"""
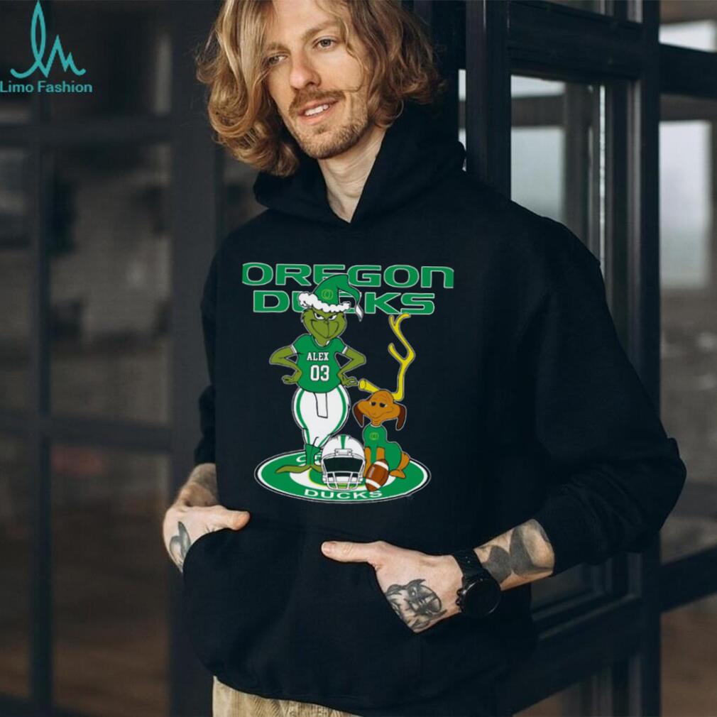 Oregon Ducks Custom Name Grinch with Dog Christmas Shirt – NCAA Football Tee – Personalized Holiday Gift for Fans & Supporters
"""
"""
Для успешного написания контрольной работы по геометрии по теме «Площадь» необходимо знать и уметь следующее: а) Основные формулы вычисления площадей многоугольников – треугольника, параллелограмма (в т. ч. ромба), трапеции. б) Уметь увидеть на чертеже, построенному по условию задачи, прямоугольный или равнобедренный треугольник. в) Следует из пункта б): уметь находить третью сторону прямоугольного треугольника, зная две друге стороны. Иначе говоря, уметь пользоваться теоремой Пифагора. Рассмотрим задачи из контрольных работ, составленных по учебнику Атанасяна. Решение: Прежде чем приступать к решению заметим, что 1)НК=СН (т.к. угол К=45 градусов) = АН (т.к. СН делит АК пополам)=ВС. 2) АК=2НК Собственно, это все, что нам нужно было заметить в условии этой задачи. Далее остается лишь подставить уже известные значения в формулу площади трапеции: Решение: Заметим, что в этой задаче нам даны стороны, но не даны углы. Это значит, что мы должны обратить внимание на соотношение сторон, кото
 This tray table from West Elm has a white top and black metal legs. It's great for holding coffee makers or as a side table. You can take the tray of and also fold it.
"""
"""
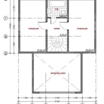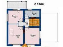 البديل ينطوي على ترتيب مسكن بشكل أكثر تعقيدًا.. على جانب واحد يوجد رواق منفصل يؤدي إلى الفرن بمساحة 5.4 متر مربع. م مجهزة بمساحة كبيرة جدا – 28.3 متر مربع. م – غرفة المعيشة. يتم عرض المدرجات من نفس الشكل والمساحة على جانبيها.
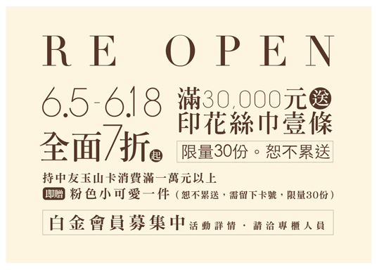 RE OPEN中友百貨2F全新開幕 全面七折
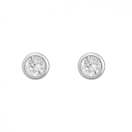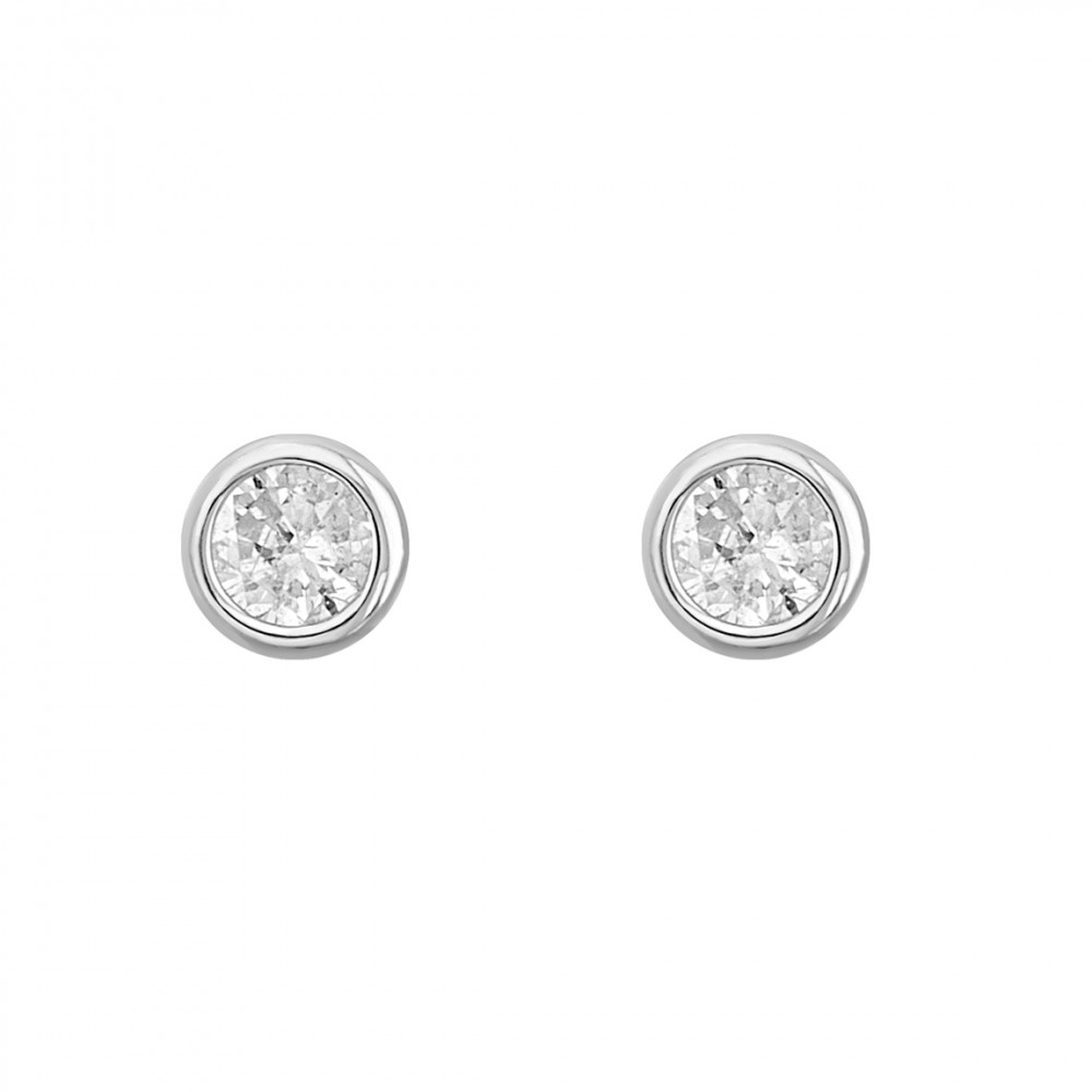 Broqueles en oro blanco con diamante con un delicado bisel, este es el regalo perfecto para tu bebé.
"""
### What is expected
From the records above, transcribe exactly the lines starting at the one containing "البديل ينطوي على" and ending at the one containing "Broqueles en oro". Skip the pictures.

### Task solution
 البديل ينطوي على ترتيب مسكن بشكل أكثر تعقيدًا.. على جانب واحد يوجد رواق منفصل يؤدي إلى الفرن بمساحة 5.4 متر مربع. م مجهزة بمساحة كبيرة جدا – 28.3 متر مربع. م – غرفة المعيشة. يتم عرض المدرجات من نفس الشكل والمساحة على جانبيها.
 RE OPEN中友百貨2F全新開幕 全面七折
 Broqueles en oro blanco con diamante con un delicado bisel, este es el regalo perfecto para tu bebé.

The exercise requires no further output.